We analyzed 78 LTx recipients from the Cohort-for-Lung-Transplantation cohort, all in a stable (STA) state within the first year post-LTx. At 3 y, 41 patients remained STA, and 37 had CLAD (bronchiolitis obliterans syndrome, BOS, [n = 32] or restrictive allograft syndrome [n = 5]). HLA-G EV plasma levels were measured at month 6 (M6) and M12 in 78 patients. CLAD occurrence and graft failure at 3 y post-LTx were assessed according to early HLA-G EV plasma levels.
In patients with subsequent BOS, (1) HLA-G EV levels at M12 were significantly lower than those in STA patients ( P = 0.013) and (2) also significantly lower than their previous levels at M6 ( P = 0.04).A lower incidence of CLAD and BOS and higher graft survival at 3 y were observed in patients with high HLA-G EV plasma levels at M12 (high versus low HLA-G EVs patients [cutoff 21.3 ng/mL]: freedom from CLAD, P = 0.002; freedom from BOS, P < 0.001; and graft survival, P = 0.04, [log-rank]). Furthermore, in multivariate analyses, low HLA-G EV levels at M12 were independently associated with a subsequent risk of CLAD, BOS, and graft failure at 3 y ( P = 0.015, P = 0.036, and P = 0.026, respectively [Cox models]).

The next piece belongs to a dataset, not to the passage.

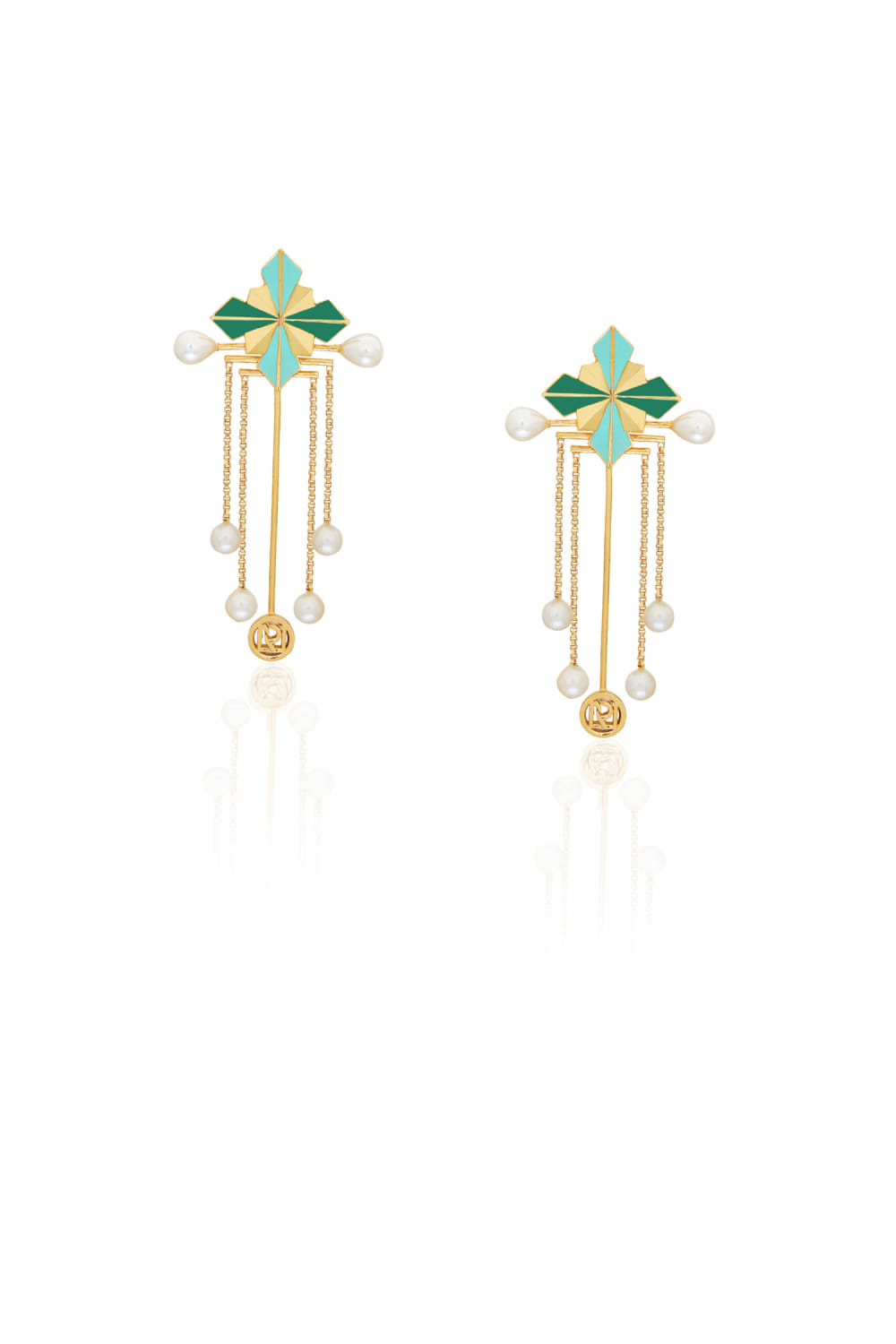 Ruhette designs this statement-making pair of danglers crafted in 20k gold plating on brass enriched with enamel and mirror detailing featuring a delicate pearl drop accent. Style them with a contemporary ensemble for the occasion.

This exploratory study suggests the potential of EV-bound HLA-G plasma levels as a liquid biopsy in predicting CLAD/BOS onset and subsequent graft failure.

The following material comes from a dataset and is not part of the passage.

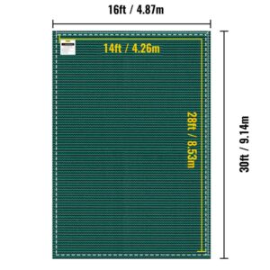 Sturdy Polypropylene & Excellent Permeability & Complete Hardware.The pool cover size is 16 x 30 ft, fitting a 14 x 28 ft swimming pool. In addition, the cover size is 2 ft larger than the pool size, which can perfectly and tightly cover the pool with ease.The swimming pool cover adopts polypropylene material to keep it sturdy and wear-resistant. As a result, it will shield your pool throughout the whole winter without any tear and damage.The pool cover is tightly woven to ensure a long service time. Its edges adopt triple-stitching to avoid fraying and unraveling; moreover, the whole structure is strengthened by double straps to provide extreme support against weight from above.

循环细胞外囊泡(EVs)作为预测实体器官移植疾病预后的非侵入性生物标志物已显示出有前景的结果。由于肺移植(LTx)后移植物细胞原位表达耐受性分子HLA - G与移植接受相关,我们推测血浆中与EV结合的HLA - G(HLA - G EV)水平可预测慢性肺移植功能障碍(CLAD)的发生。

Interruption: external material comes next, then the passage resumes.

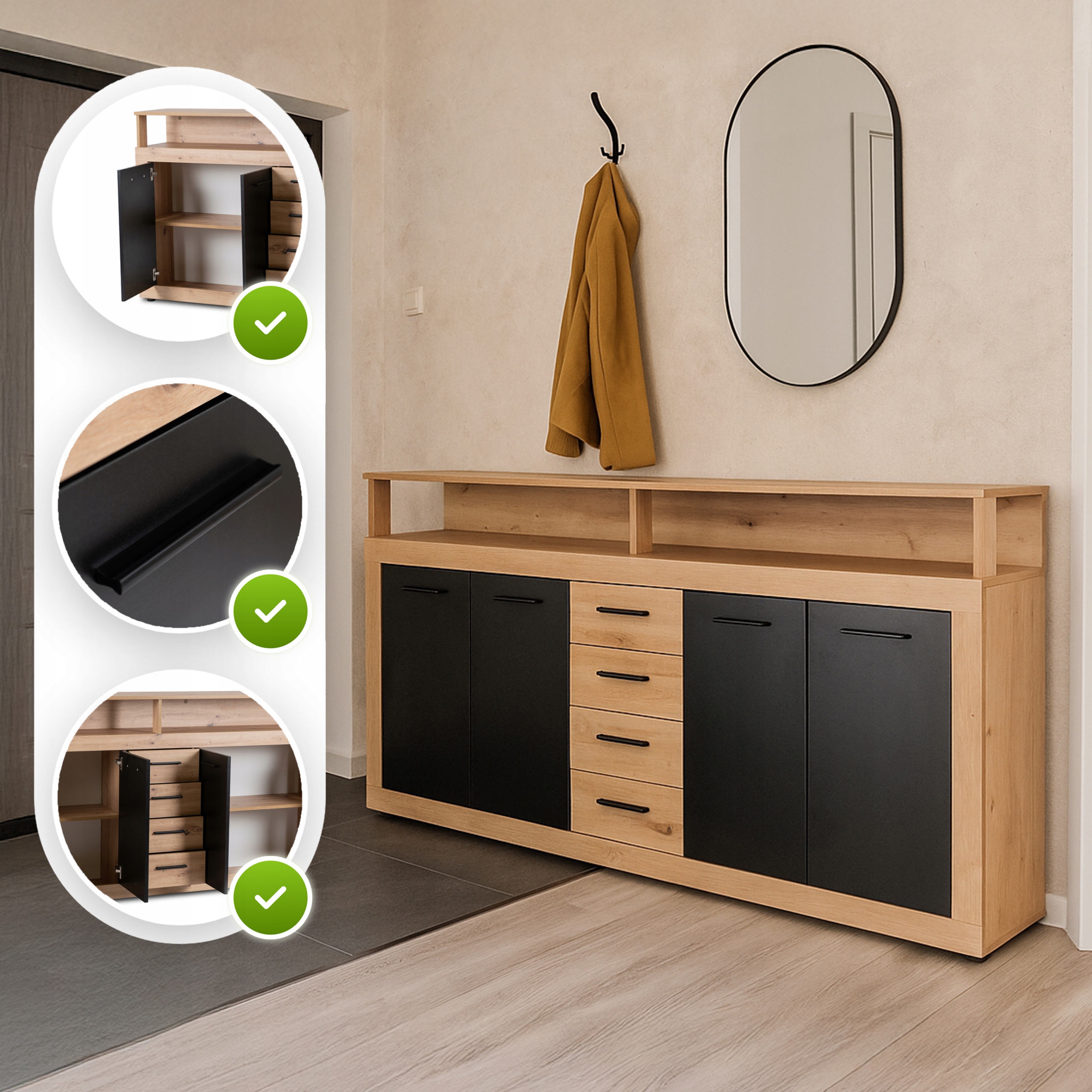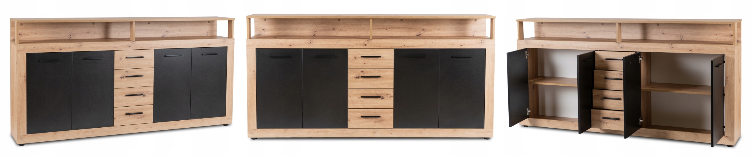 Komoda z Szufladami Duża Do Salonu Przedpokoju Artisan Czarny BLAGO 190 cm

我们分析了来自肺移植队列的78例LTx受者,他们在LTx后的第一年内均处于稳定(STA)状态。在3年时,41例患者仍处于STA状态,37例发生了CLAD(闭塞性细支气管炎综合征,BOS,[n = 32]或限制性移植综合征[n = 5])。在78例患者的第6个月(M6)和第12个月(M12)测量了HLA - G EV血浆水平。根据早期HLA - G EV血浆水平评估LTx后3年时CLAD的发生情况和移植物失败情况。
在随后发生BOS的患者中,(1)M12时的HLA - G EV水平显著低于STA患者(P = 0.013),(2)也显著低于其在M6时的先前水平(P = 0.04)。在M12时血浆HLA - G EV水平高的患者中,观察到3年时CLAD和BOS的发生率较低,移植物存活率较高(高HLA - G EV与低HLA - G EV患者[临界值21.3 ng/mL]:无CLAD,P = 0.002;无BOS,P < 0.001;移植物存活,P = 0.04,[对数秩检验])。此外,在多变量分析中,M12时低HLA - G EV水平与3年后CLAD、BOS和移植物失败的后续风险独立相关(分别为P = 0.015、P = 0.036和P = 0.026 [Cox模型])。
这项探索性研究表明,与EV结合的HLA - G血浆水平作为液体活检在预测CLAD/BOS发病和随后的移植物失败方面具有潜力。